With the AWS team’s guidance, we architected the applications targeted for the proof of concept with an Aurora MySQL cluster, implementing high availability using reader replicas (Reader#1 and Reader#2) spanning across Availability Zones in the Asia Pacific (Mumbai) Region, and a DR site with a read replica (Reader#3) in the Asia Pacific (Hyderabad) Region using cross-Region replication. The following diagram illustrates this architecture.
This architecture consists of the following key services:
Amazon Route 53 is a highly available and scalable Domain Name Service (DNS) that routes application traffic to the associated resources using an active-passive failover configuration. Therefore, the requests are primarily routed to the resources in the Asia Pacific (Mumbai) Region and the resources in the Asia Pacific (Hyderabad) Region are on standby.

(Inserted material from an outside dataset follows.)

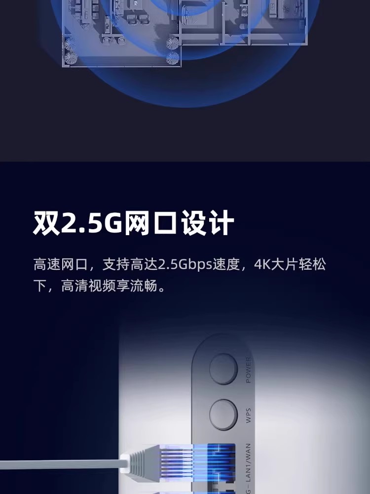 2.4GHz理论协商速率为688Mbps;5GHz理论协商速率为2882Mbps;理论协商速率总和3570Mbps

The first line of defense is provided by AWS WAF, which guards the web applications against common threats, and AWS Shield, a managed DDoS protection solution that keeps apps secure.
Elastic Load Balancing automatically distributes incoming traffic across EC2 instances, containers, and IP addresses, in one or more Availability Zones. It is configured in both Regions and associated with Route 53 records.
The applications are deployed in both Regions on EC2 instances with Auto Scaling groups configured to serve the application traffic requests in the Asia Pacific (Mumbai) Region, and configured with value 0 in the Asia Pacific (Hyderabad) Region to adhere with the pilot light strategy. We use the same configuration for the ProxySQL instances.
The always on critical database layer includes an Aurora MySQL writer instance with two read replicas (Reader#1 and Reader#2) in the Asia Pacific (Mumbai) Region and a single read replica (Reader#3) in the Asia Pacific (Hyderabad) Region. Reader#3 is almost up to date, with its primary Aurora MySQL writer instance using asynchronous cross-Region replication.
Aurora uses endpoint mechanism to seamlessly connecting to these database instances; see Amazon Aurora connection management for details. And these reader and writer endpoints are configured in the ProxySQL.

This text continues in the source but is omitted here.